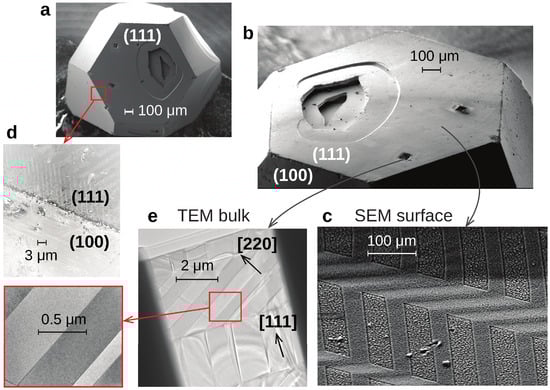 We start the characterization of the bulk crystals by discussing scanning electron microscopy. Figure 1a,b displays the investigated GeTe bulk crystal showing typical faceting, as expected for the slightly rhombohedrally distorted rock salt crystal structure, with pronounced (111) and (001) facets. When zooming in on the (111) facets (Figure 1c “SEM surface”), a clear contrast pattern appears which we associate with the ferroelectric domains which typically arrange in the observed herringbone pattern [44,45]. The edges of the domains on the surface of the crystal are typically aligned parallel or perpendicular to the corners of the respective (111) facet, i.e., along a or a direction. In contrast to the (111) facets, no contrast associated with the domain pattern can be detected on the (100) facets (Figure 1d). In order to study how the domains propagate into the depth of the crystal, lamellae were cut by a focused ion beam. A transmission electron micrograph of a cross sectional lamella labelled “TEM bulk” is shown in Figure 1e and shows that the domain pattern from the surface propagates only around 1 m into the crystal before it changes. Deeper inside the material, domains with various orientations are found.
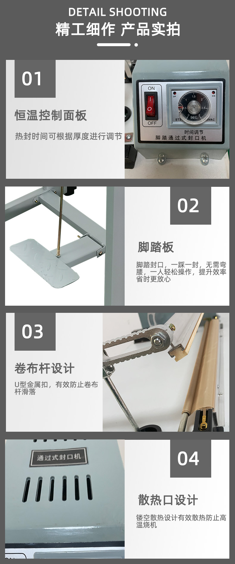 - 封口美觀度:要實(shí)現(xiàn)封口平整、無(wú)褶皺、無(wú)焦痕等美觀效果,需要精確的溫度控制和合適的功率。對(duì)于對(duì)封口美觀度要求高的產(chǎn)品,功率不能過(guò)大或過(guò)小,過(guò)大易造成焦痕,過(guò)小則封口不平整,通常 700 - 900W 的功率在合理調(diào)節(jié)下能滿足大多數(shù)此類需求。
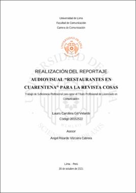 El proyecto audiovisual Restaurantes en cuarentena tiene por objetivo explorar y plasmar cómo restaurantes limeños fueron afectados por la pandemia de la COVID-19 y el esfuerzo de reactivación. Fue hecho para el público digital de la revista Cosas. Es una serie web que consiste en tres capítulos que recogen las experiencias de dueños de distintos restaurantes durante el periodo de aislamiento obligatorio en el Perú a lo largo del 2020. Los reportajes fueron hechos enteramente de forma remota; las entrevistas se hicieron por una plataforma digital de videollamada y el material de apoyo se recogió del contenido que los propios negocios usan en sus redes sociales. El trabajo demuestra la posibilidad de crear reportajes audiovisuales de calidad sin la necesidad de ejecutar una grabación presencial, usando las ventajas de la virtualidad. The audiovisual project “Restaurantes en cuarentena” explores and captures how restaurants of Lima were affected by the COVID-19 pandemic and their reactivation effort. It was made for the digital audience of revista Cosas. It is a web series that consists of three chapters that collect the experiences of different restaurant owners during the quarantine period in Peru during 2020. The videos were filmed entirely remotely; the interviews were done through a digital video call platform and the B-roll material was collected from the content that the businesses themselves use on their social media networks. This project demonstrates the possibility of creating quality audiovisual content without the need to perform a face-to-face recording, using the advantages of virtuality.
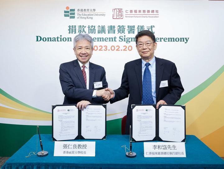 香港教大校長張仁良與仁善福來社執行副社長李和協簽署捐款協議。圖源:香港教大 教大校長張仁良教授感謝仁善福來慈善總社的鼎力支持。他說:“仁善福來慈善總社一直熱心公益,繼早前捐助本校的長者學苑開辦課程後,今次再次慷慨襄助,支持教大與泉師的交流協作。我們期望可與泉州的同儕分享經驗,為當地的教師培訓及研究出一分力。” 仁善福來慈善總社執行副社長李和協表示:很高興代表仁善福來慈善總社社長及創辦人、著名企業家和慈善家陳守仁參加活動。教大以培育未來教師爲核心使命,而泉師則是國家海外華文的教育基地,多年來孕育無數優秀專業的良師。我們深盼透過雙方的緊密協作,擴闊兩地師生的眼界及體驗,達至教學相長。 李和協介紹說,仁善福來社是因應新冠疫情於2020年成立的。新冠疫情爆發後,陳守仁從名下參與內地脫貧攻堅事業的 “仁善扶貧基金會”基金中撥出三千萬元成立仁善福來社。近三年來,仁善福來社開展了一系列以長者爲主要對象的服務項目。例如,在北角會所設立中醫診所,並與香港浸會大學中醫藥學院合作,舉辦中醫知識講座。向鐘聲慈善社捐款30萬元,此外,還開展了給社區長者送寒衣、送福袋、送盒飯,舉辦特賣場、發放優惠購物卡等項目。去年11月,仁善福來慈善總社也為教育大學的“長者學苑”作捐助。 “相信香港教大與泉州師院的交流合作,將給雙方帶來一加一大於二的效果”。李和協繼表示,仁善福來慈善總社還將向福建泉州師範學院捐助100萬人民幣,支持香港教大與泉州師院的協作。(完) 【編輯:王軼南】

▬▬▬▬▬▬

▶ _WHAT IS NEEDED_
In the listing above, find the line containing "- 900W 的功率在合理調(diào)節(jié)下能滿足大多數(shù)此類需求。" and the line containing "El proyecto audiovisual". Print those two lines and every line between them exactly, with no pictures.

▶ _ANSWER SPACE_
 - 封口美觀度:要實(shí)現(xiàn)封口平整、無(wú)褶皺、無(wú)焦痕等美觀效果,需要精確的溫度控制和合適的功率。對(duì)于對(duì)封口美觀度要求高的產(chǎn)品,功率不能過(guò)大或過(guò)小,過(guò)大易造成焦痕,過(guò)小則封口不平整,通常 700 - 900W 的功率在合理調(diào)節(jié)下能滿足大多數(shù)此類需求。
 El proyecto audiovisual Restaurantes en cuarentena tiene por objetivo explorar y plasmar cómo restaurantes limeños fueron afectados por la pandemia de la COVID-19 y el esfuerzo de reactivación. Fue hecho para el público digital de la revista Cosas. Es una serie web que consiste en tres capítulos que recogen las experiencias de dueños de distintos restaurantes durante el periodo de aislamiento obligatorio en el Perú a lo largo del 2020. Los reportajes fueron hechos enteramente de forma remota; las entrevistas se hicieron por una plataforma digital de videollamada y el material de apoyo se recogió del contenido que los propios negocios usan en sus redes sociales. El trabajo demuestra la posibilidad de crear reportajes audiovisuales de calidad sin la necesidad de ejecutar una grabación presencial, usando las ventajas de la virtualidad. The audiovisual project “Restaurantes en cuarentena” explores and captures how restaurants of Lima were affected by the COVID-19 pandemic and their reactivation effort. It was made for the digital audience of revista Cosas. It is a web series that consists of three chapters that collect the experiences of different restaurant owners during the quarantine period in Peru during 2020. The videos were filmed entirely remotely; the interviews were done through a digital video call platform and the B-roll material was collected from the content that the businesses themselves use on their social media networks. This project demonstrates the possibility of creating quality audiovisual content without the need to perform a face-to-face recording, using the advantages of virtuality.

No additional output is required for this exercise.